[Provided material — start]

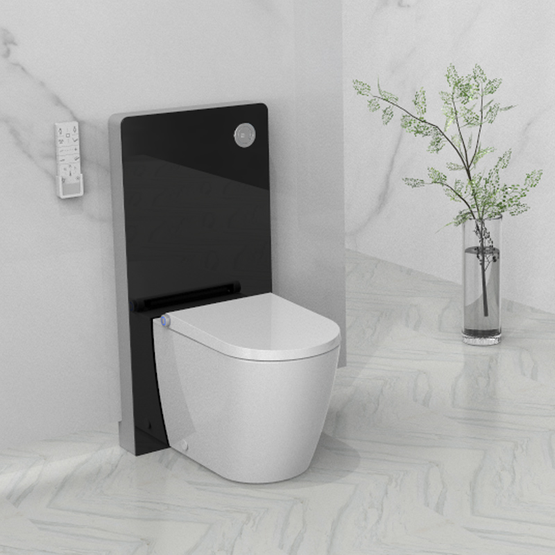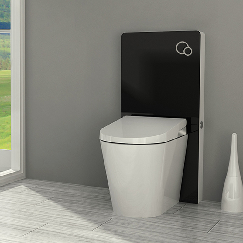 De luxe en verre réservoir avec de l'aluminium matériels cadre, adapté pour les murales de toilette; Capcitive automatique de rinçage, 3/6L à double chasse d'eau; Super slim intégré E-bidet: laver, massage, sec, la désodorisation, la airfresh, lumière de LED, buse réglable, avec télécommande.
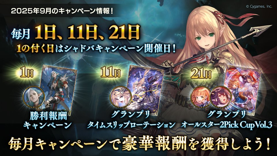 2025年9月に行われるキャンペーンやゲーム内イベントは以下の通りです。
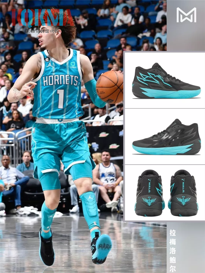 Puma彪马MB.02拉梅洛鲍尔三球二代黑蓝色男子实战篮球鞋 377644
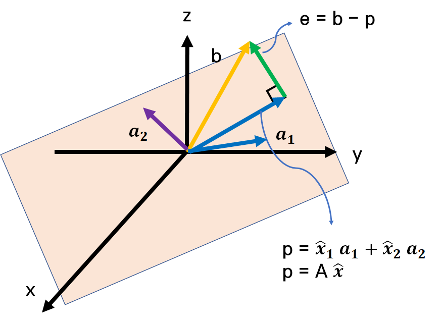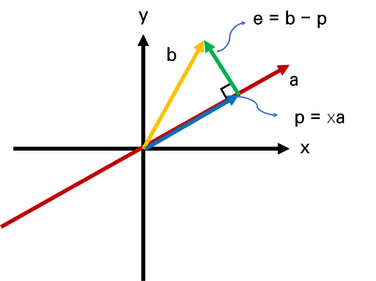 중요한 것은 벡터 b, e, p가 직각 삼각형을 이룹니다.

[Provided material — finish]

Task instructions:
Transcribe all data precisely. Pictures are not copied.

Exercise response:
 De luxe en verre réservoir avec de l'aluminium matériels cadre, adapté pour les murales de toilette; Capcitive automatique de rinçage, 3/6L à double chasse d'eau; Super slim intégré E-bidet: laver, massage, sec, la désodorisation, la airfresh, lumière de LED, buse réglable, avec télécommande.
 2025年9月に行われるキャンペーンやゲーム内イベントは以下の通りです。
 Puma彪马MB.02拉梅洛鲍尔三球二代黑蓝色男子实战篮球鞋 377644
 중요한 것은 벡터 b, e, p가 직각 삼각형을 이룹니다.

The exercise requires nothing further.